China alone accounted for more than 90% of total capital outflows (see chart 1 below). Outflows from the country were almost seven times higher than in 2014, which was driven by several factors. First, net capital inflows into China evaporated as foreign direct investment slowed and foreign investors took money out of the country. Second, China-focused equity funds saw net outflows in excess of €7bn, according to Morningstar Fund flows data, while Asia-Pacific equity funds witnessed redemptions worth approximately €21bn. Bond fund flows also fell into negative territory.
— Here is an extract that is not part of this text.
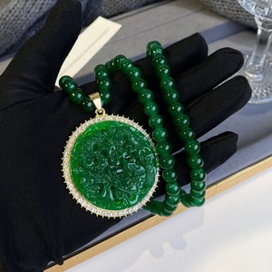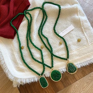 祖母绿高级项链女长款简约百搭毛衣链小众设计高级感吊坠合金配饰
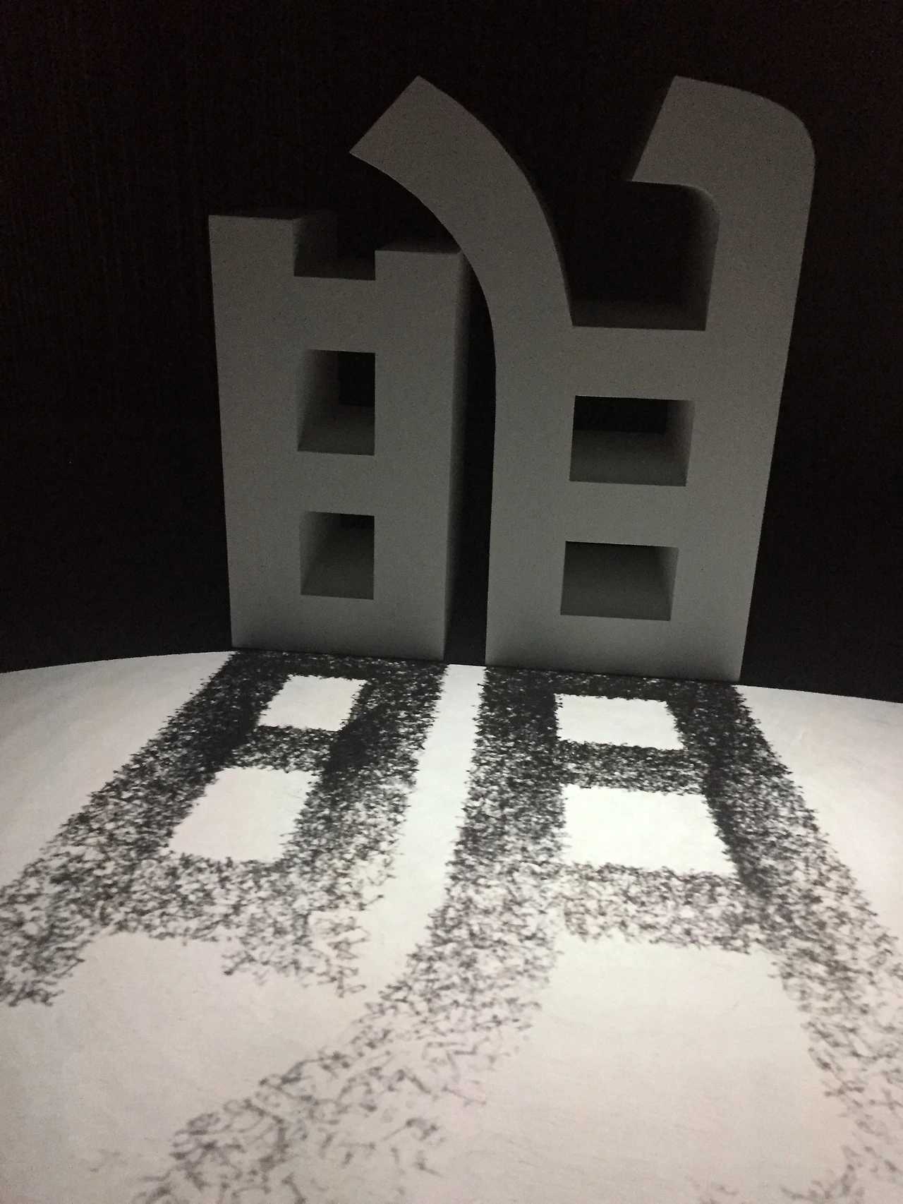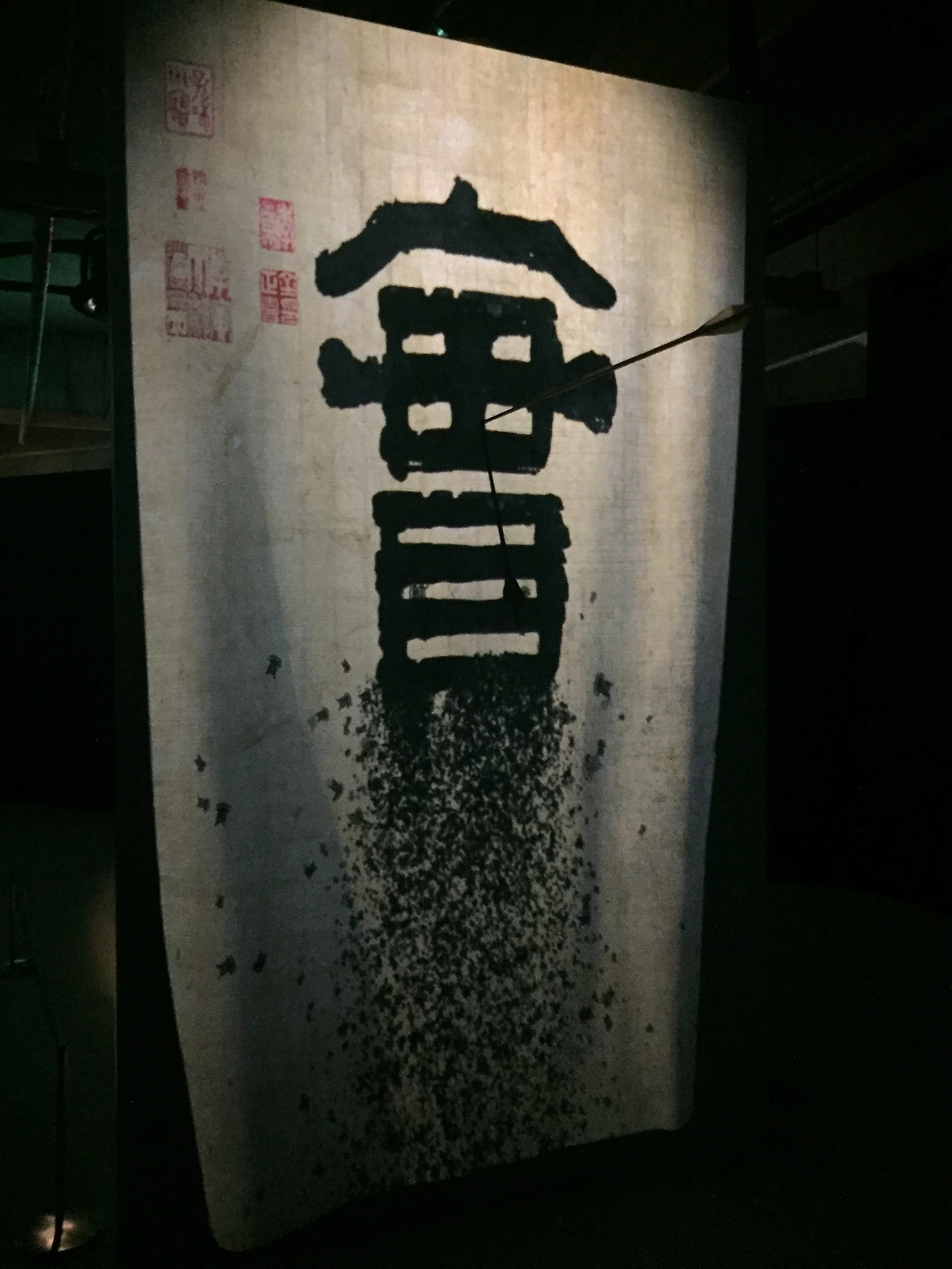 작품 '분열하는 인류'는 벽 하나를 두고 서로 다른 화살을 마주하고 있다. 한쪽에선 열매 '실'자가 끊임없이 가루가 되어 흩어진다. 뒷면으로 돌아가면 거울에 꽂힌 화살이 나(관객)를 향한다. 아니, 내가 쏜 화살인가? 구분이 안 되는 모호한 상황에 직면한다.

On top of that, China suffered accelerating capital outflows from domestic investors and companies. According to the IIF, these outflows were largely due to concerns about a renminbi depreciation. “Data through Q3 suggest that a substantial portion of the outflows in 2015 reflected a reduction in dollar liabilities by Chinese corporates and, more recently, individuals, due to concerns about RMB weakening. This shift was reflected in declining loans in foreign currencies,” according to the report.
However, the dramatic deterioration in the capital flows balance can chiefly be attributed to foreign investors. The main culprits are foreign private creditors such as banks, who withdrew a net $257bn from emerging markets, in a big contrast to the $351bn in inflows in 2014.
Nevertheless, the outflows in 2015 may sound more alarming than they actually are. After all, China still has big foreign currency reserves, a large current account surplus and still very decent economic growth even if the numbers have been inflated. According to the IIF, other emerging market economies such as Brazil, Turkey and South Africa, with their large current account deficits, high levels of FX corporate indebtedness and unstable political situation, are more vulnerable in the event of elevated EM turbulence.